Skeletons in Yale’s closet

Skeletons in Yale’s closet

Yale University in New Haven, Connecticut, USA, is one of only nine colleges chartered before the American Revolution. It awarded the first PhD degree on American soil in 1861. Its library is the third largest university library in the US, holding 15 million volumes. Its endowment is valued at $27.2 billion, the second largest amongst U.S. educational institutions. 60 Nobel laureates, 5 Fields medallists for excellence in mathematics and 3 Turing awardees for distinction in computer sciences have been associated with it. Its alumni include 5 US presidents, 19 US Supreme Court Justices and 20 billionaires. These achievements are admirably immense by any standard.

But it was not always such a well-off institution.

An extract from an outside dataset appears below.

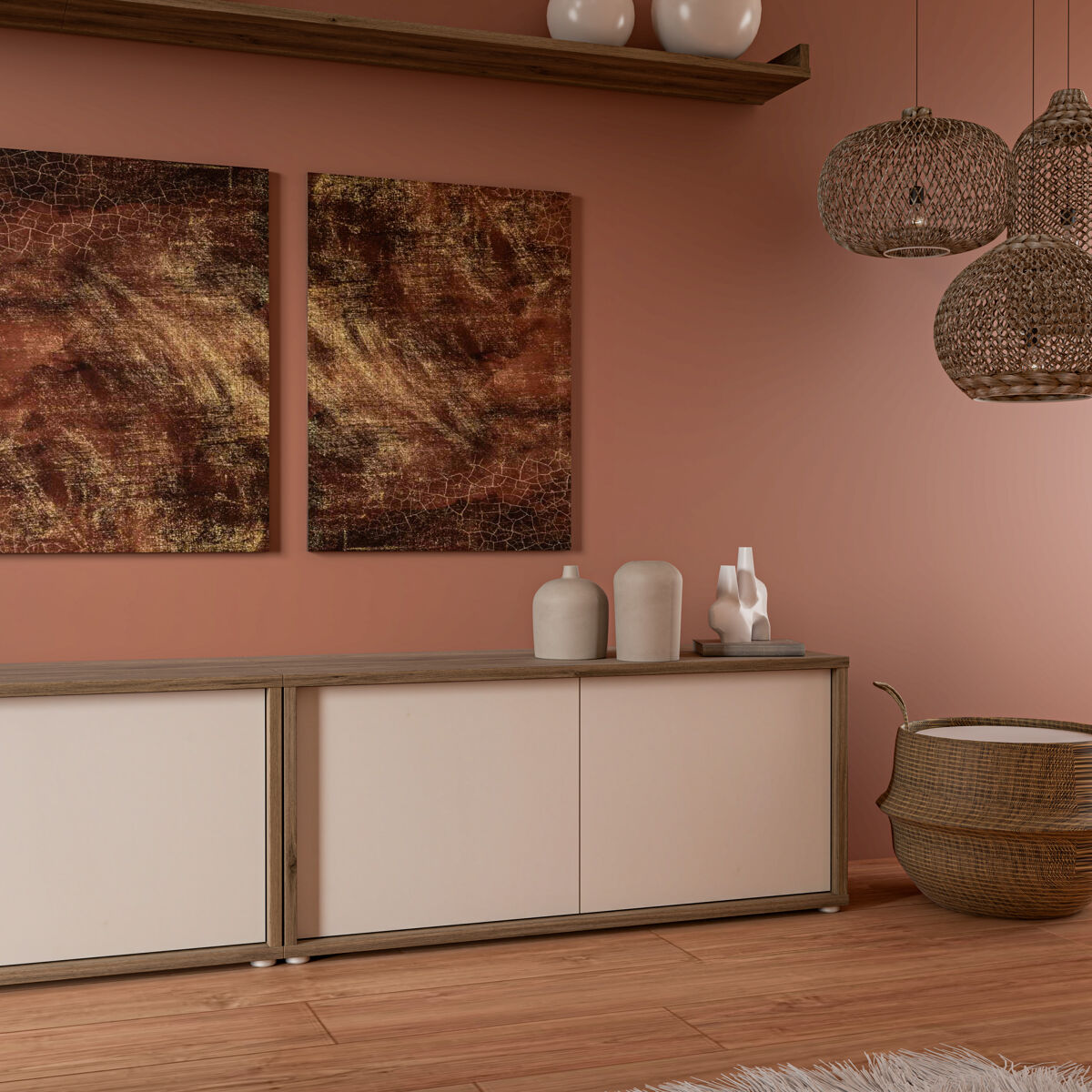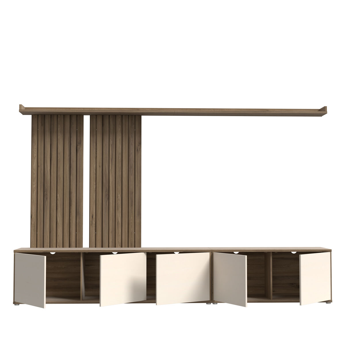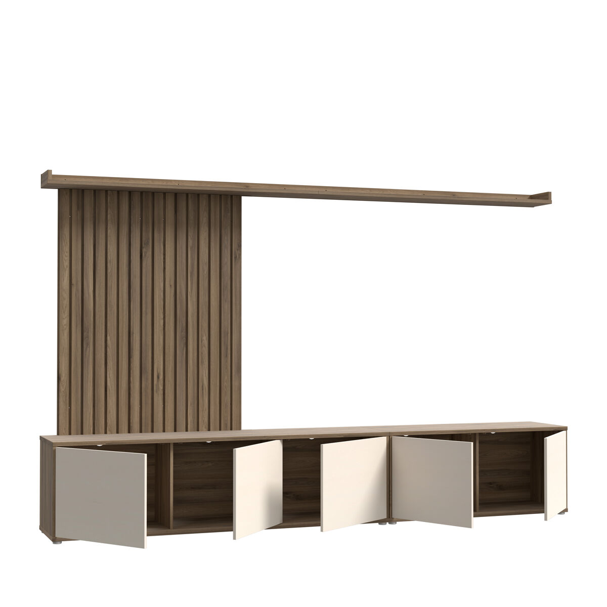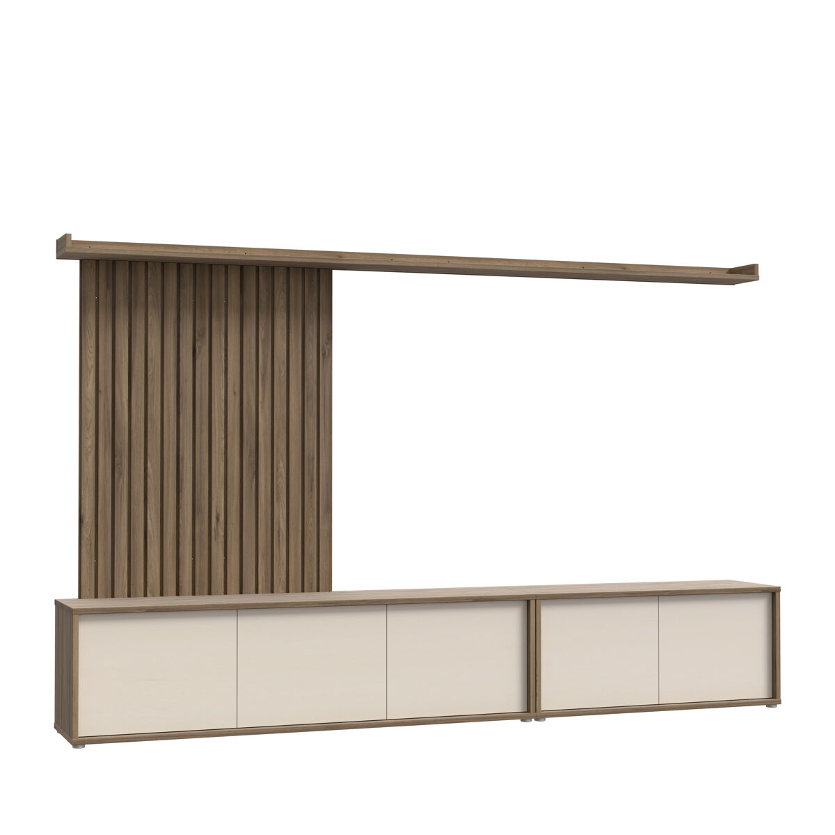 Descubra a solução perfeita para maximizar o seu espaço com a versão alongada do móvel de tv SKELPE. Este móvel versátil de cinco portas possibilita ter um móvel de tv maior do que o habitual. Possui dois painéis originais e duas prateleiras. Fabricado em aglomerado de partículas laminadas de alta qualidade, combina na perfeição os tons quentes do carvalho com o bege suave, criando uma harmonia visual que se adapta a qualquer decoração.

The University’s forerunner incipient college, founded in 1701, was housed in private homes and was in danger of closing down due to a lack of funds to erect a building. The college approached a wealthy Boston-born Welsh ‘nabob’ by the name of Elihu Yale with a request for a large donation. To entice this rich person, the college wrote that, “What is forming at New Haven might wear the name of Yale College, it would be better than the name of sons and daughters. And your munificence might easily obtain for you such a commemoration and perpetuation of your valuable name as would indeed be much better than an Egyptian pyramid.”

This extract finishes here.